In the entries below, repeat only the lines between those holding "Handcrafted in Marrakech" and "halindeki 45 PY", inclusive. Leave pictures out.

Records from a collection
Content starts
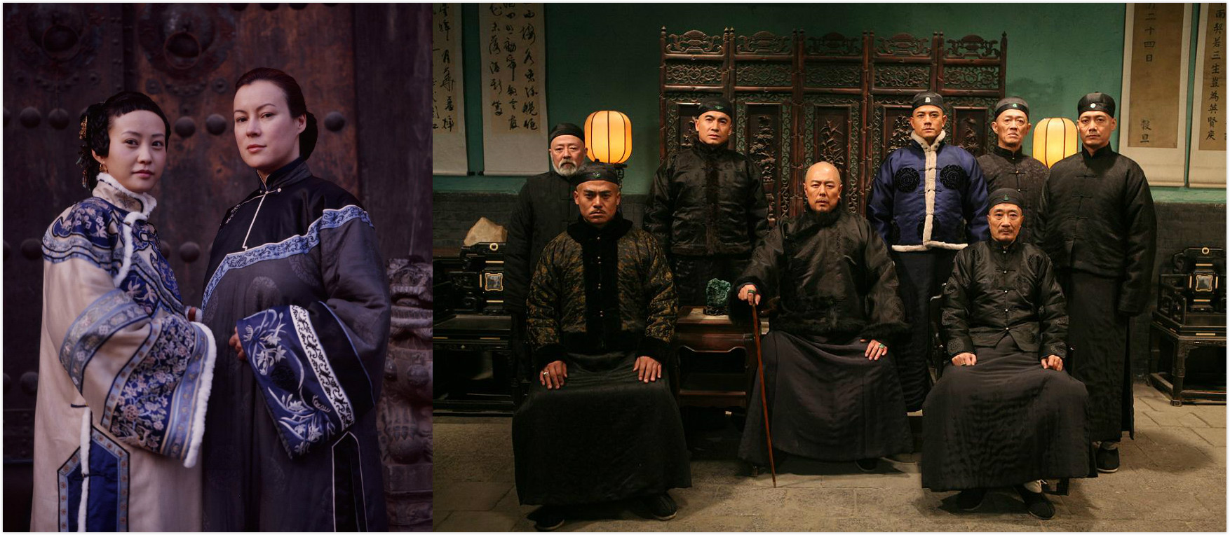 关于反映这个时期的作品,最简单的例子,我们有《白银帝国》作为参考,电影的剧照非常考究,至少从视觉上,能一眼就能看出,电影的时代背景是清朝。男性和女性的服装造型如下。
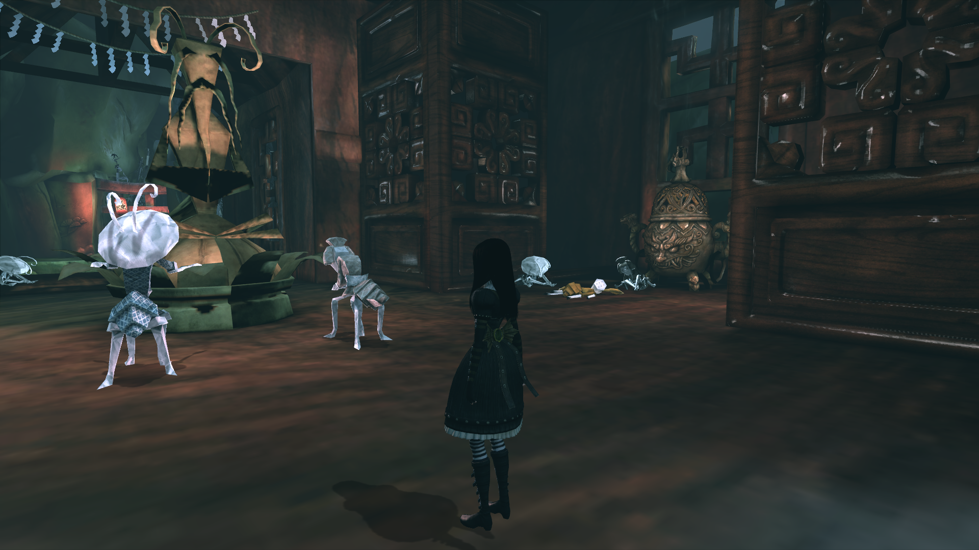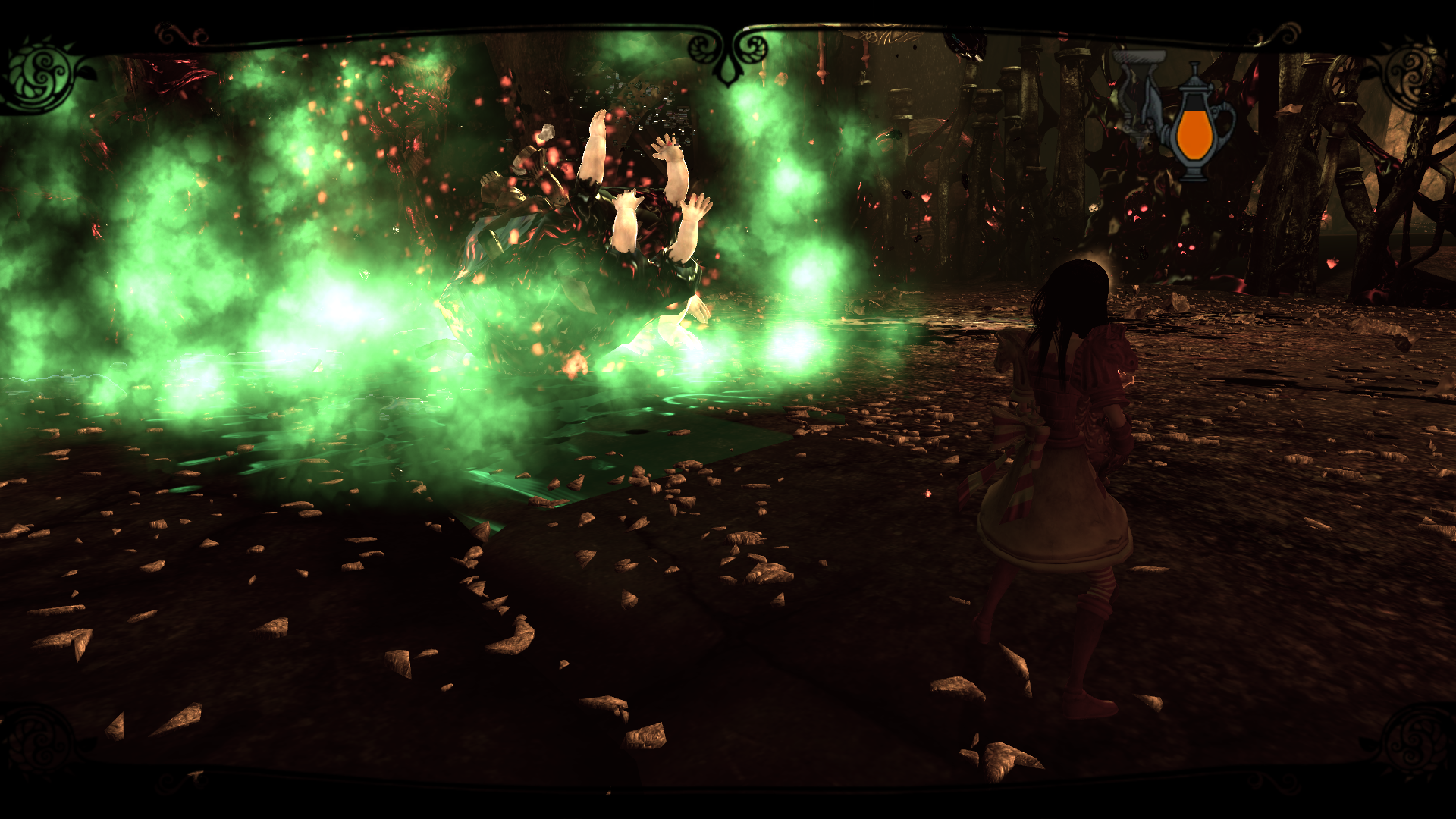 Следующий неприятный момент - само управление. Частично "ватность" можно победить. Но не до конца. Раскладка клавиатуры неудобная. Отдельно можно выбирать стрелковое оружие и отдельно - оружие ближнего боя. Это вносит путаницу. Можно было все сделать на колесо прокрутки мыши. Но нет, надо поизвращаться! Левая кнопка мыши отвечает за ближний бой, а правая - за дальний. После обычных шутеров привыкнуть к такому непросто. Реализация боев также хромает. Некоторых противников можно убить только в режиме "фиксации цели". Наподобие таковой в Дарк Соулс. Но вот сама реализация... Камера не остается всегда за спиной Алисы и возможна такая ситуация, когда враг оказывается между Алисой и монитором. И вы ни черта не понимаете, что там происходит! И это опять "проклятие консольных генов".
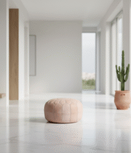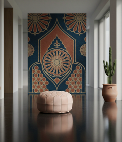 Handcrafted in Marrakech from premium undyed leather, this 21″ round floor ottoman brings natural warmth, minimalist style, and everyday versatility to your space. Each pouf is stitched by hand using traditional Moroccan techniques, featuring an eight-pointed star embroidery and soft, organic tan tones. Lightweight, durable, and naturally eco-friendly — perfect as seating, a footrest, or a meditation cushion.
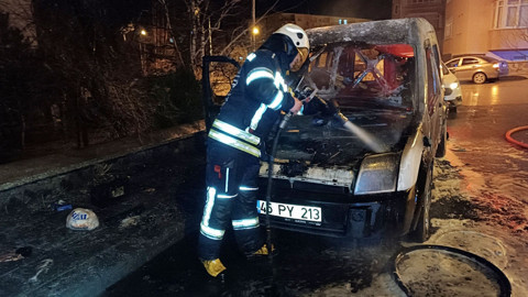halindeki 45 PY 213 plakalı hafif ticari araçta yangın çıktı.
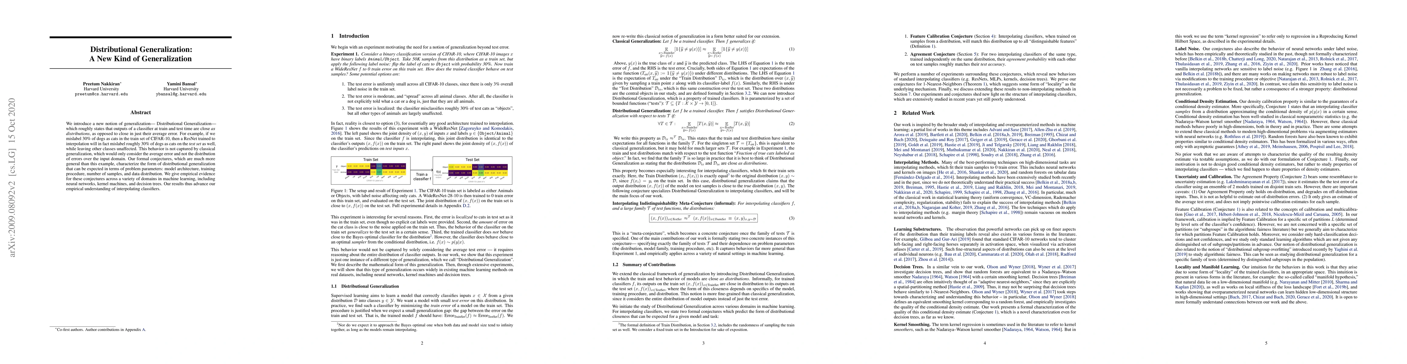 This paper introduces "Distributional Generalization," a novel concept where a classifier's outputs at train and test time are similar as distributions, not just in average error. It provides empirical evidence across various machine learning models, suggesting that this form of generalization can be influenced by model architecture, training procedure, sample size, and data distribution.
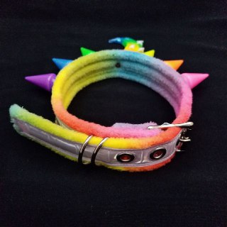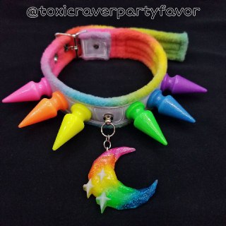 This collar is 1.25" wide and features a rainbow fleece base with white reflective vinyl, large neon resin spikes, and a rainbow faceted moon pendant that is about 2" x 2". It is adjustable in length to 13", 14", 15", and 16"
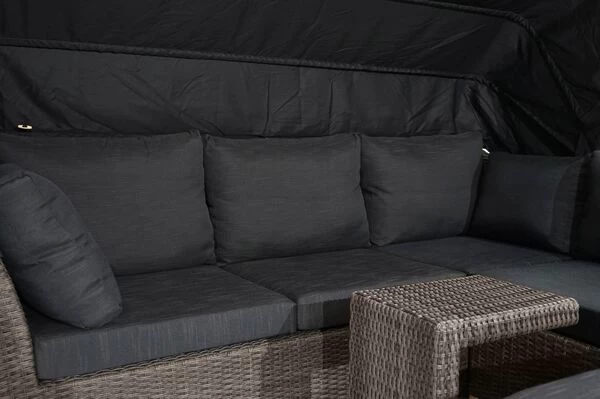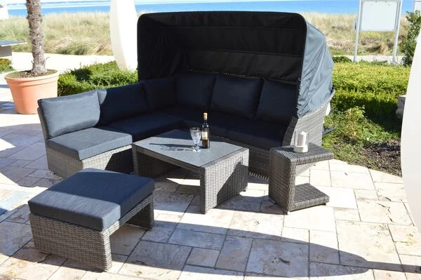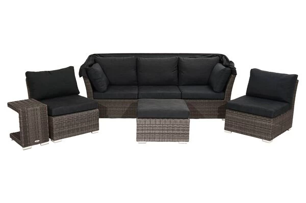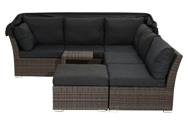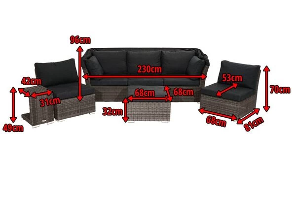 Diese gemütliche Loungegruppe bietet bequem bis zu sechs Personen Platz. Hier können Sie gemütlich in der Sonne liegen oder aber auch ganz bequem einen kleinen Snack servieren. Das Set besteht aus einem 3-Sitzer Sofa mit Maßen von ca. 230 x 81 x 85 cm, zwei Mittelelementen (ca. 68 x 81 x 70 cm), einem Hocker (ca. 68 x 68 x 32 cm) und einem praktischen Beistelltisch von ca. 31 x 42 x 49 cm. Die Lounge ist ein wahrer Verwandlungskünstler: Ob als Einzelteile gestellt, zur Ecklounge oder sogar als Loungebett – hier sind Ihrer Fantasie keine Grenzen gesetzt. Der Beistelltisch lässt sich sogar über die Sitzflächen drüber schieben, so haben Sie eine integrierte Ablagefläche. Das Highlight dieser gemütlichen Sitzgruppe ist das im 3-Sitzer Sofa integrierte Sonnendach, welches ganz leicht hochgeklappt werden kann. So haben Sie Ihren Sonnenschutz bereits fest verbaut. Und für die Sonnenanbeter – das Dach lässt sich natürlich auch zurück klappen, so können Sie ganz entspannt in der Sonne liegen.
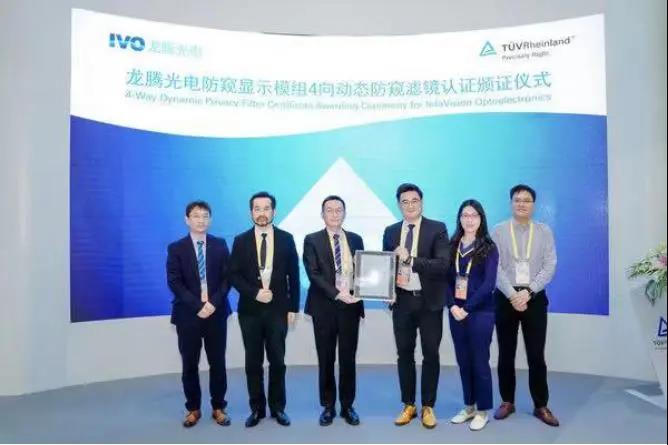 11月8日,全球領先的檢測、檢驗、認證、培訓、咨詢機構德國萊茵TUV集團 (簡稱“TUV萊茵”)亮相第四屆進博會,昆山龍騰光電股份有限公司副總裁鐘德鎮受邀出席TUV萊茵系列活動。活動上TUV萊茵大中華區電子電氣產品服務副總裁楊佳劼為龍騰光電頒發了全球首張防窺顯示模組4向動態防窺濾鏡認證證書,相比傳統的水平方向防窺技術,4向防窺濾鏡能夠幫助用戶實現更多應用場景下的屏幕信息保護,為用戶個人隱私保護提供有力支持。
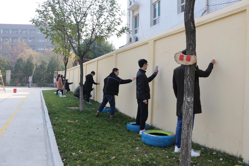 山东女子学院附属幼儿园的老师热情地接待了同学们,交代清楚了墙绘地点、绘画内容和要求。入党积极分子们聚在一起,经过了短暂的商榷,决定在九面原本一无所有的白墙上,再现儿童经典绘本《我也是这样地爱着你》。
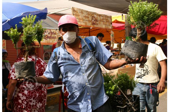MÉXICO, D.F., 01NOVIEMBRE2009.- Vendedor de plantas durante el Día de muertos en Mixquic. FOTO: ROCÍO ORTIZ/CUARTOSCURO.COM
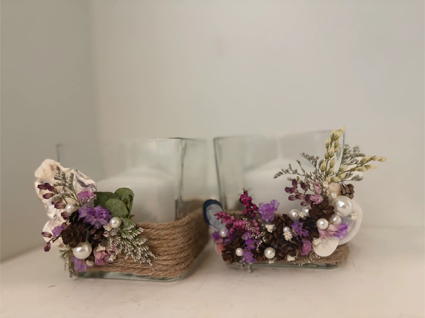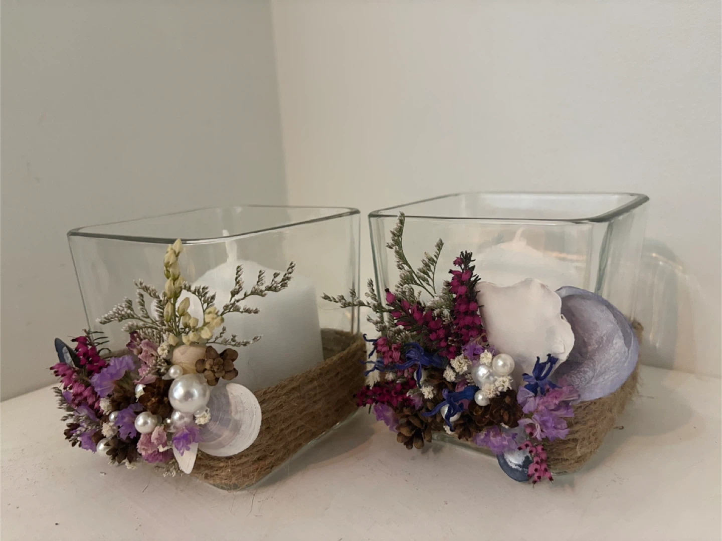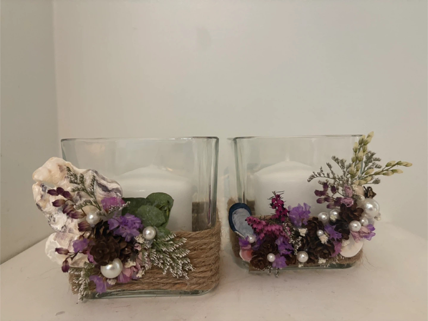 A set of two clear glass candle holders, each adorned with dried flowers, pinecones, seashells, and pearls. Each holder comes with a white pillar candle. These decorative pieces add a rustic and charming touch to any space.
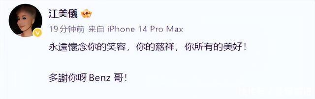 江美仪: “永远怀念你的笑容,你的慈祥你所有的美好,多谢你呀,Benz哥。”
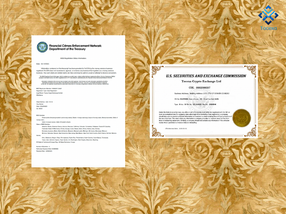 Tocexa’s SEC registration (CIK: 0002066357, File No: 021-544925) became effective on May 1, 2025, authorizing the platform to conduct regulated activities involving U.S. stocks, ETFs, tokenized securities, and compliant digital assets. Simultaneously, Tocexa obtained its MSB license (Registration Number: 31000297125437) with approval signed on April 9, 2025, empowering the company to offer fiat-to-crypto exchange, remittance, and money transmission services in all U.S. states and territories.
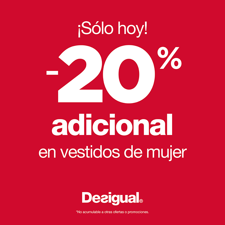 ¡Llénate de color y felicidad con la moda en Desigual! Ven a conocernos en The Outlet Stores Alicante y disfruta de un 20 % adicional en vestidos.
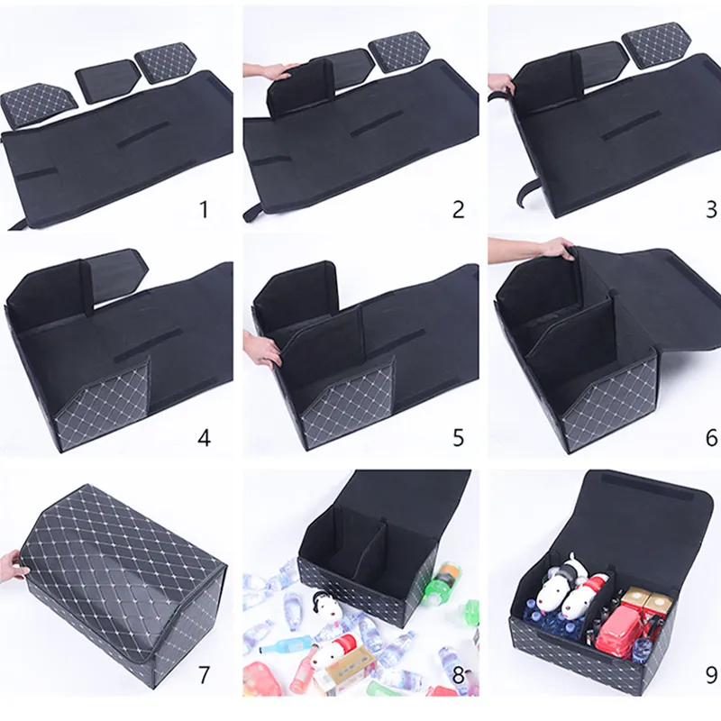 Matériau : cuir synthétique. Cet organisateur de coffre de voiture pliable dispose d'un cuir imperméable, d'un couvercle sécurisé et de plusieurs compartiments pour ranger du matériel de voyage, des courses et des outils Dimensions : 32,5 x 27,5 x 24 cm. La texture est haut de gamme, le matériau est résistant à l'usure et durable. Pratique à portée de main : équipé de poignées métalliques sur les deux côtés, il est robuste et facile à transporter. Rangement Voiture Avec Séparateur Amovible Ergocar Boîte De Rangement En Cuir Pour Coffre De Voiture - Boîte De Rangement Pour Accessoires - Pliable - Fermeture Magnétique étanche - Convient Pour Voiture/SUV/camion/automobile Rangement Voiture Pratique Contenu de l'emballage : 1 pièce., Caractéristiques : 1., Organiseur de coffre de véhicule : livré avec un organisateur amovible pour les voitures, le shopping, le camping, les voyages, les pique-niques, etc., 2., Utilisation conviviale amovible : notre organisateur de coffre est amovible pour les voyages. Idéal pour ranger les essentiels quotidiens, les outils, les sacs d'épicerie, les collations, les jouets ou les documents. Compartiments personnalisables : doté d'un séparateur amovible, cet organisateur vous permet d'adapter l'espace de rangement pour répondre à vos besoins spécifiques, que ce soit pour les courses d'épicerie, le matériel d'urgence ou les outils. Confortable et tendance pour un toucher confortable tout en soulevant. Rangement De Coffre De Voiture YEBDD Chaise Longue Inclinable En Dai Souple Pliable Et Réglable Pour Canapés Et Fauteuils De Sac De Coffre Voiture Pliable pour économiser de l'espace : le design amovible de ce coffre de SUV signifie qu'il est facile à assembler et entièrement pliable au hasard pour une taille compacte lorsqu'il n'est pas utilisé. La boîte de rangement pour coffre de voiture est un article essentiel pour un voyage bien rangé. Compartiments personnalisables : doté d'un séparateur amovible, cet organisateur vous permet d'adapter l'espace de rangement pour répondre à vos besoins spécifiques, que ce soit pour les courses d'épicerie, le matériel d'urgence ou les outils. Matériaux de haute qualité
Content ends
== SOLUTION FOR THIS EXERCISE ==
 Handcrafted in Marrakech from premium undyed leather, this 21″ round floor ottoman brings natural warmth, minimalist style, and everyday versatility to your space. Each pouf is stitched by hand using traditional Moroccan techniques, featuring an eight-pointed star embroidery and soft, organic tan tones. Lightweight, durable, and naturally eco-friendly — perfect as seating, a footrest, or a meditation cushion.
halindeki 45 PY 213 plakalı hafif ticari araçta yangın çıktı.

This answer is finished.